Mateo Retegui ha dato il via alla vittoria del Genoa contro l’Udinese con una rovesciata di pregevole fattura. L’attaccante italo-argentino è intervenuto ai microfoni di DAZN dopo la partita e ha parlato anche di nazionale.

LE PAROLE DI RETEGUI

TITOLARE ALL’EUROPEO? – “Lo voglio, ma mancano tanti mesi per giugno, ora devo pensare al Genoa perchè ci sono partite difficili, poi vediamo. Io lo sogno e cerco di fare bene con il Genoa per poi andare in nazionale. Lo voglio tanto”.

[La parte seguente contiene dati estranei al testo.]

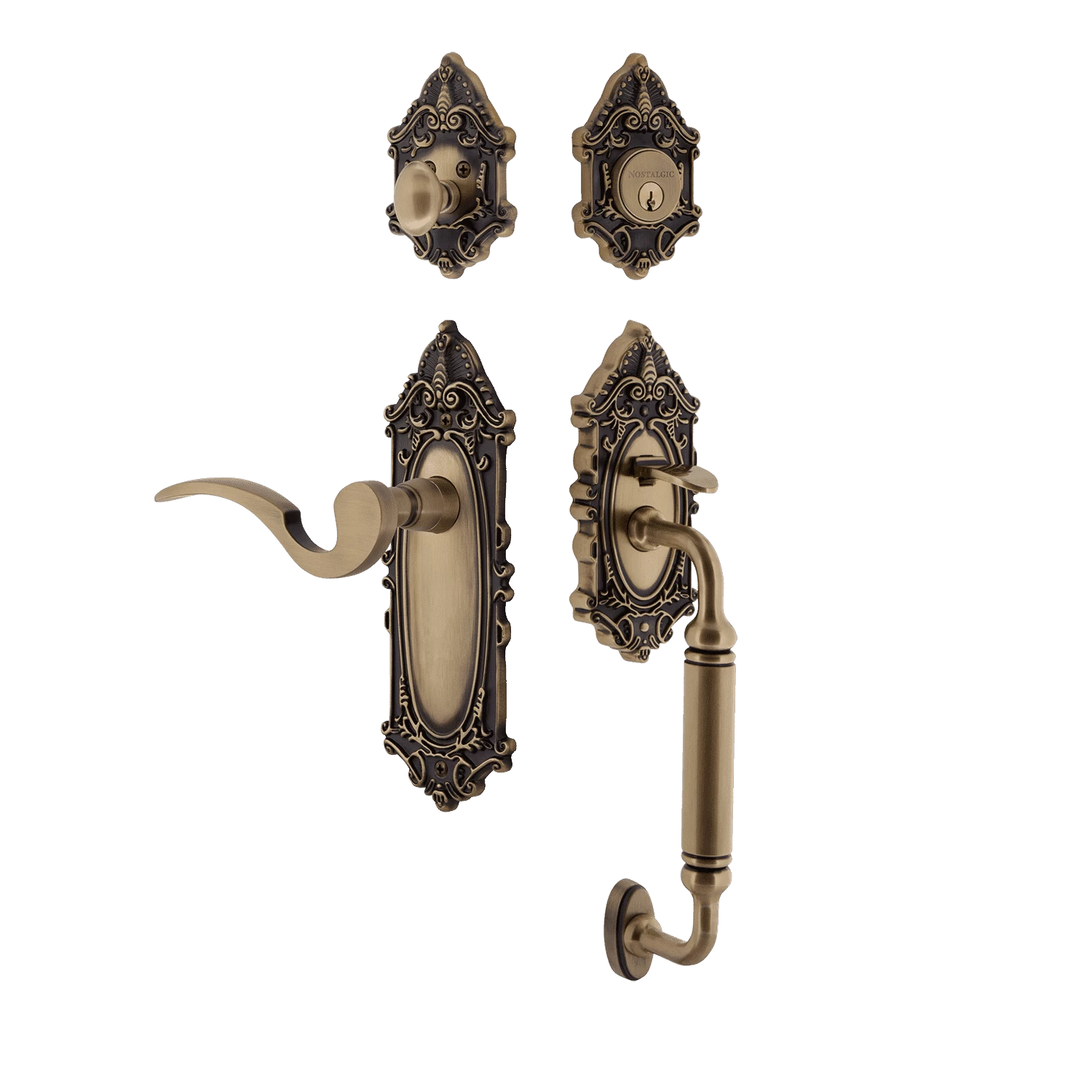 The Victorian Exterior Handleset, with its distinct curvilinear embellishment, is unmistakably old world vogue. All Nostalgic Warehouse handlesets are mounted on a solid (not plated) forged brass base for durability and beauty.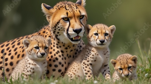 Obraz premium female cheetah with her cubs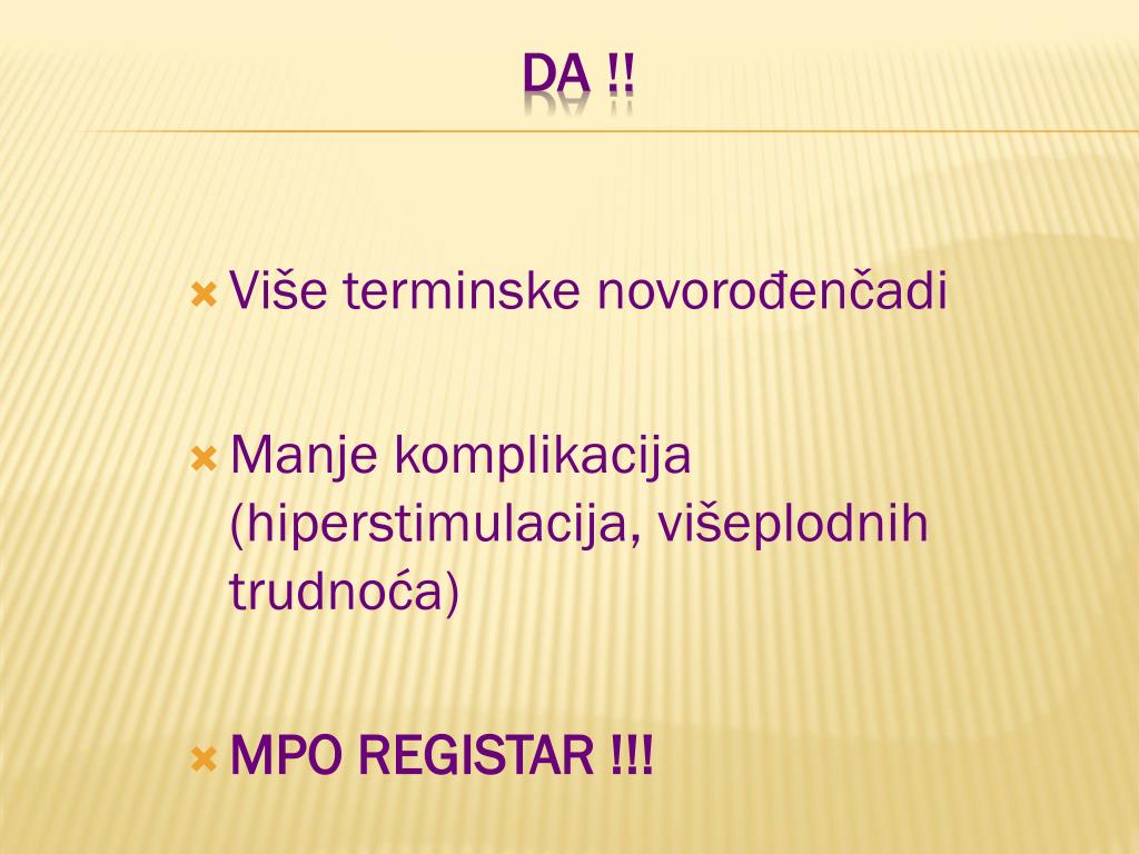 Više terminske novorođenčadi Manje komplikacija (hiperstimulacija, višeplodnih trudnoća) MPO REGISTAR !!! DA !!

SULLE PAROLE DI SPALLETTI – “Sono grato delle parole di Spalletti, dopo l’infortunio è sempre difficile per la paura che il ginocchio mi ha fatto. Con tutto lo staff e il mister sto tornando ad essere di nuovo il giocatore che sono e ad esultare in campo. Sono contento del momento che stiamo vivendo. Su quello che ha detto il mister, non gioco alla play”.

SULLA ROVESCIATA – “La rovesciata è nata quando ho visto la palla andare in alto e l’unico movimento per calciare era quello, mi è venuto d’istinto. Quella fatta dal mister era più bella, avrò tempo di guardarla”.

SULL’ALLENAMENTO – “Ci alleniamo in modo speciale per gli attaccanti, per me è molto importante perchè vivo di questo giorno dopo giorno con l’allenamento e tutti vogliamo migliorare, ci alleniamo per farlo e anche per diventare uomini”.